A Canonical Curriculum Vitae

If you’ve been watching my vlog recently you’ll know that I’ve been curating my social media and a variety of social networks by either cleaning them up or removing them entirely.

It’s been one of the most freeing activities that I’ve done in a long time and it’s something that I can’t quite get enough of.

One of the things that I’ve mentioned is the “struggle” that I have with LinkedIn, especially because there is still some very good reasons to keep it around, namely the fact that I need a personal account to manage and administer the official page of my startup.

This is unfortunate but it is what it is I suppose.
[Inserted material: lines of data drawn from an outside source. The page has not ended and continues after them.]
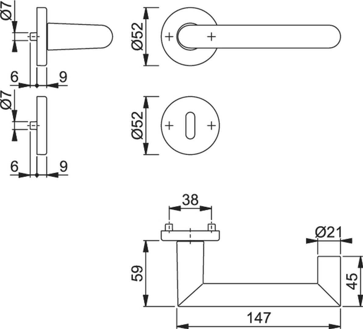 Türgriffgarnitur Rotterdam OB 3608839 F1 Aluminium natur 1401/42KV/42KVS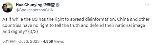 “仿佛美國(guó)有權(quán)利散布虛假信息,而中國(guó)等國(guó)家卻無(wú)權(quán)說(shuō)實(shí)話、維護(hù)國(guó)家形象和尊嚴(yán)?”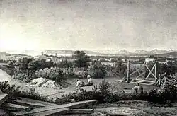 On his return from Europe, Von Ludwig bought about 3 acres of land in Kloof Street, Cape Town, and over the next couple of years planted the groundwork of a botanic garden. Besides large numbers of trees, shrubs and bulbs from Europe, America and Australia, he also included fruit trees, vegetables and crop plants. He introduced the Jacaranda tree to South Africa. Many of the species were indigenous, some acquired from Ecklon and Zeyher. The Irish botanist, Harvey, noted his appreciation of the easy access that was provided for studying the plants. Other prominent scientists such as Charles Bunbury and Joseph Dalton Hooker visited what had become known as Ludwigsburg Garden, while Lady Jane Franklin, who explored the garden in 1836, noted that even though only 3 acres in extent 'being well laid out with numerous divisions and paths' made it appear larger. The astronomer John Herschel used a camera lucida to sketch the developing site in 1834 (see drawing above).[2] A certain Leibold was first superintendent of the garden from 1834 to 1837, followed by James Bowie over the period 1838–42, and Thomas Draper 1843-47 until Ludwig's death. The botanist Ludwig Pappe, later Colonial Botanist, prepared herbarium specimens from the garden plants.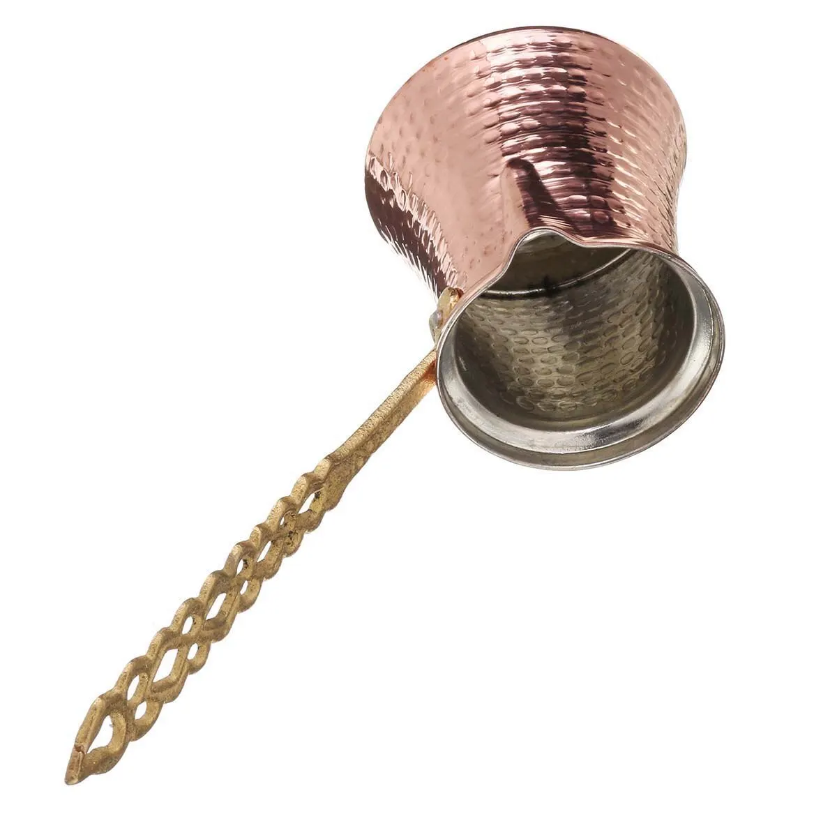 Медная турка из страны, подарившей нам это слово. Ручная чеканка, металлическая ручка, более тонкие (по сравнению с отечественными и индийскими образцами) стенки. Классическая технология производства, практически не изменившаяся за последние 400 лет.

In due time I will, once and for all, leave LinkedIn and that’ll be great but for now I’ve figured out and worked on a very decent alternative and I spent the afternoon putting it together.

LinkedIn Settings

What I’ve essentially done is add a new page here on my blog which captures my work history and many (but not all) of the projects that I’ve worked on as a professional. Most of the content was a direct copy-and-paste from LinkedIn.

You can see it here.

In addition, I’ve cleaned up my LinkedIn profile to only show my current project and very little else.
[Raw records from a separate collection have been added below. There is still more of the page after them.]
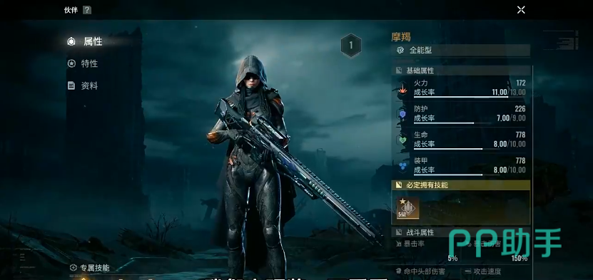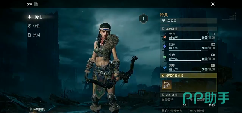 又是一个全能型伙伴,同样为最高的金色品质。拥有3个专属技能,战术技“武器超载”,在他拥有6个战术点后,下次攻击会优先选择视野中生命最高的目标,射击造成4次伤害,之后再将战术点清空。主动技“绝对专注”,在接下来的14秒内,命中敌人头部的概率提升30%,攻击速度提升30%。被动技“弱点导航”,每次射击命中目标暴击率提升4%,暴击伤害提升8%,最多可叠加3次,能持续30秒。还有一个专属被动“猛攻”,火力提高100,防护提高150,生命提升500,同时装甲也提高500,副手的转化率也增强0.5%。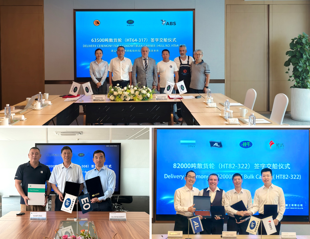 為OLDENDORFF、AL及IBULK建造的HT82-308、HT82-322、HT64-317提前完成交付,憑借優(yōu)異的建造品質(zhì)和高效的交付獲得船東的一致認(rèn)可。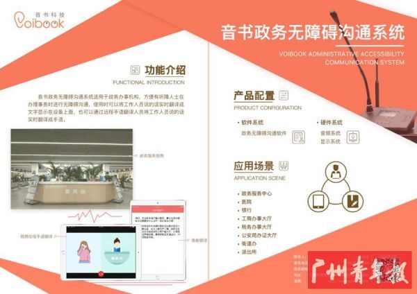 据介绍,广州音书科技有限公司是一家创新型企业,致力于通过“互联网+人工智能”技术改善听障人群的沟通现状,并打造专业的互联网服务平台。公司面向听力服务、言语康复、特殊教育学校、残联、银行、医院等机构提供辅助沟通系统。目前,华为、科大讯飞等行业巨头与音书展开合作。虽然“我们的模式比较简单,语言康复是收费的、识别也是收费的,”但是音书正在以稳健的步伐向前迈进。在2018年,“我们也被评为最具发展的20个潜力企业之一。我和我们的同事今年入围了福布斯30岁以下的精英板。”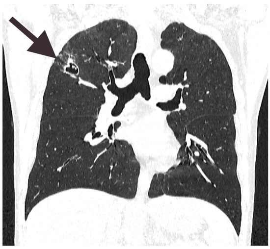 Since the prevalence of fungal lung infections is increasing, certain agents, such as Cladosporium spp., have emerged as unexpected causes. Cladosporium spp. fungi are ubiquitous in environments such as soil, fruits, and wine corks; they are a part of the normal human skin flora; and they are known respiratory allergens [2,3]. They have been associated with “salami brusher’s disease” [4] and may act as plant pathogens and contaminants of heritage materials. However, this fungus very rarely causes superficial invasive infections, such as keratitis [5].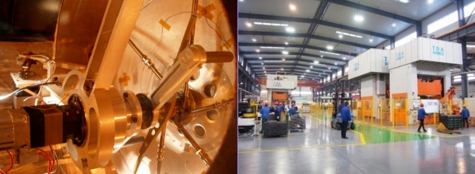 左:太空舱门开关操作变胞机构测试装备获得国家技术发明二等奖。右:航空整体薄壁结构件智能成形技术及成套装备获得国家技术发明二等奖、天津市科技进步一等奖。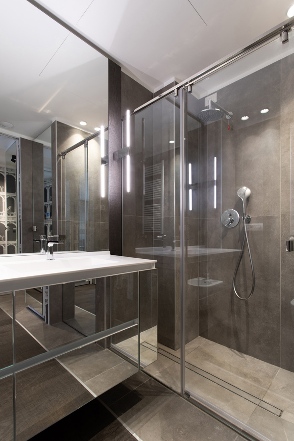 A fianco alla grande doccia un’anta, anch’essa a specchio, che cela lavatrice ed asciugatrice .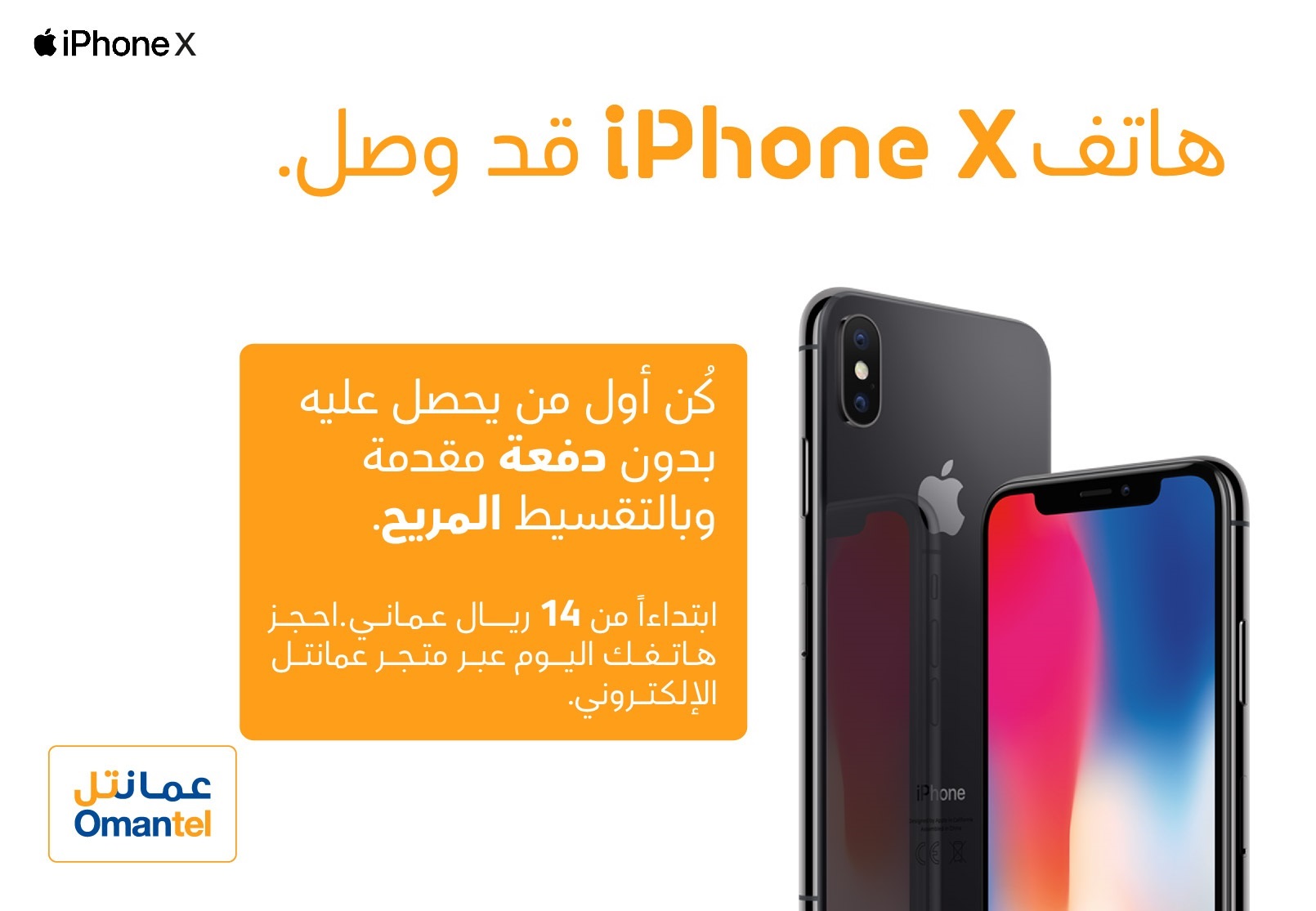 الخميس ٢٣/نوفمبر/٢٠١٧ ١٦:٠٥ م عمانتل تبشر زبائنها: آيفون X وصل مسقط - ش أعلنت عمانتل عن قرب طرح جهاز iPhone X مستقبل الهاتف الذكي وذلك ابتداءً من 1 ديسمبر...

I actually had no idea you that you could choose with some level of granularity the amount visible on the profile.

The biggest change was removing the profile from public search engines, like Google. My hope that over time Google and the other search engines will smartly go to my new dedicated and canonical work history and de-list the LinkedIn profile from the public eye.
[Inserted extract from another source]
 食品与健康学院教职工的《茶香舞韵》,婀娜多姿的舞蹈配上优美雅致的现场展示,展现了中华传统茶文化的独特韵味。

The reasons that I’ve spent the time doing this are as follows:

  1. Simplify the curation of my work history into a page that I fully control and manage. LinkedIn won’t last forever so it’s inevitable that I do this at some point in time.
  2. I get so much spam from LinkedIn that it’s not even funny. By removing myself from the public search engines and also the amount of metadata that LinkedIn has on me, I hope to reduce this significantly. I also just want LinkedIn to know less about me in its entirety.
  3. Move one step closer to removing LinkedIn from my life. I can imagine a future where I won’t need one (and it’s probably pretty soon and close) but for now this is a decent solution.

I’m happy about the results and the time, I believe, was well-spent.